Le Second Empire en 1868 est un régime fragilisé confronté à la montée en puissance de la Prusse et à des revendications pour plus de liberté. Jusque là autoritaire en matière de presse, le gouvernement fait voter la loi du 11 mai 1868 qui supprime l'autorisation préalable, nécessaire à l'époque à toute création d'un nouveau journal.
Cette loi, en rupture avec le régime établi en 1852, est pourtant défendue par Eugène Rouher Ministre d’État et ce à la demande de Napoléon III. L’autorisation préalable et le système des avertissements sont abolis et le droit de timbre est réduit. Pour lutter contre la presse qui lui est opposée, le pouvoir doit désormais entamer des poursuites judiciaires et la répression incombe dès lors aux tribunaux correctionnels.

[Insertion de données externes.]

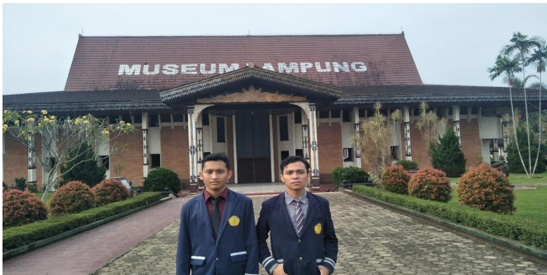
Gambar 1.1 Gedung Pameran UPTD Museum Negeri Provinsi Lampung

PKL dilaksanakan di instansi UPTD Museum Negeri Provinsi Lampung yang beralamat di Jalan ZA Pagar Alam No.64 Bandar Lampung. Gedung pameran UPTD Museum Negeri Provinsi Lampung dapat dilihat pada gambar 1.1 berikut ini.
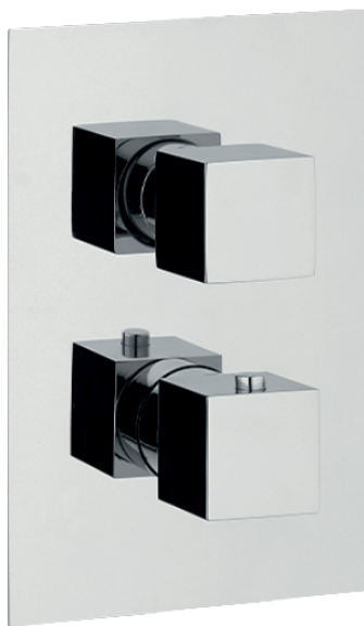
IMMAGINE PRODOTTO / PRODUCT IMAGE
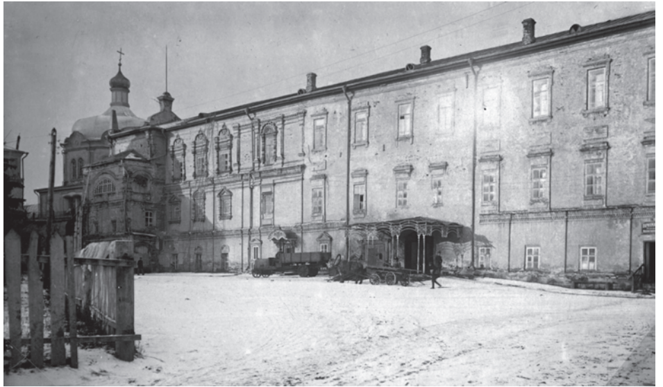
Переезд музея во Дворец Олега. 1923 г.

7 октября 1923 г. очень торже- ственно было отпраздновано откры- тие музея в новом помещении, а затем потекла обычная жизнь, но в новом по- мещении и в иных условиях, чем прежде.

Henri Rochefort, grande figure de la presse du XIXe siècle, profite de ce contexte favorable pour lancer en 1868 La Lanterne, un journal satirique hebdomadaire qui se remarque par sa couverture rouge illustrée d'une lanterne destinée à « éclairer les honnêtes gens et à pendre les coquins », propos attribué à Pierre Véron, rédacteur en chef du Charivari. C’est immédiatement un gros succès avec des tirages qui dépassent les 120 000 exemplaires. D’un petit format, il se dissimule aisément dans une poche.

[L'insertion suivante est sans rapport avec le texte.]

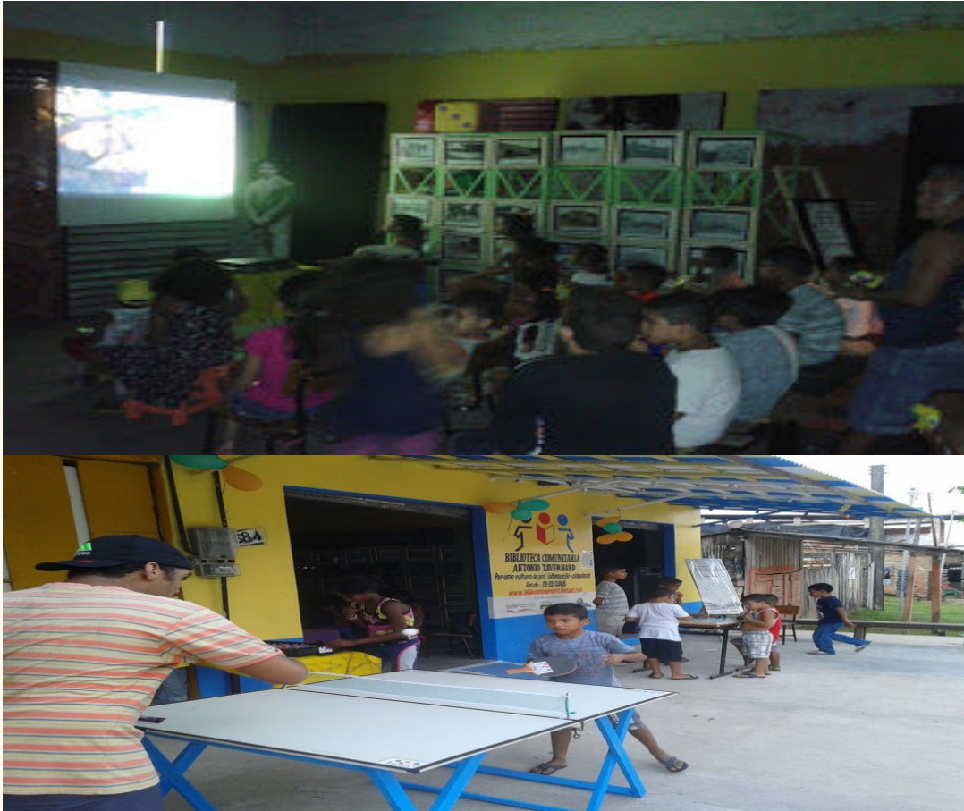
Figura 20 e 21- Crianças assistindo sessão de cinema e brincando na frente da Biblioteca

Le journal, populaire, se démarque par ses positions antibonapartistes et se livre à une féroce critique du Second Empire. La première phrase est d’ailleurs restée célèbre : « La France compte, dit L'Almanach impérial, trente six millions de sujets, sans compter les sujets de mécontentement » (La Lanterne, n° 1, 30 mai 1868). Dans le numéro du 17 octobre 1868 (La Lanterne, n° 21, p.24-25), Rochefort tient également des propos très ironiques sur la généalogie de Napoléon III et sa conception... Le titre se retrouve donc rapidement interdit, ce qui amène Rochefort à s’exiler à Bruxelles auprès d’un autre adversaire du régime, Victor Hugo. Désormais le journal est imprimé en Belgique et vendu clandestinement en France. Cependant Rochefort aspire à revenir en France mais ne demande pas à être amnistié par une autorité dont il ne reconnaît pas la légitimité ainsi qu’il l’exprime dans La Lanterne le 24 juillet 1869.

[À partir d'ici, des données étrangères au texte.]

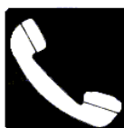
Teléfono de salvamento
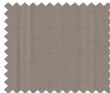
FT 6195 (GR)

Le journal paraît jusqu’en 1876. Durant cette courte carrière, La Lanterne exerça une influence notable et participa au changement d'atmosphère qui a caractérisé la fin du Second Empire. L’ironie mordante dont il faisait preuve contribua à l’éveil de l'opinion publique et redonna aux opposants une plus grande confiance dans leurs chances de se faire entendre.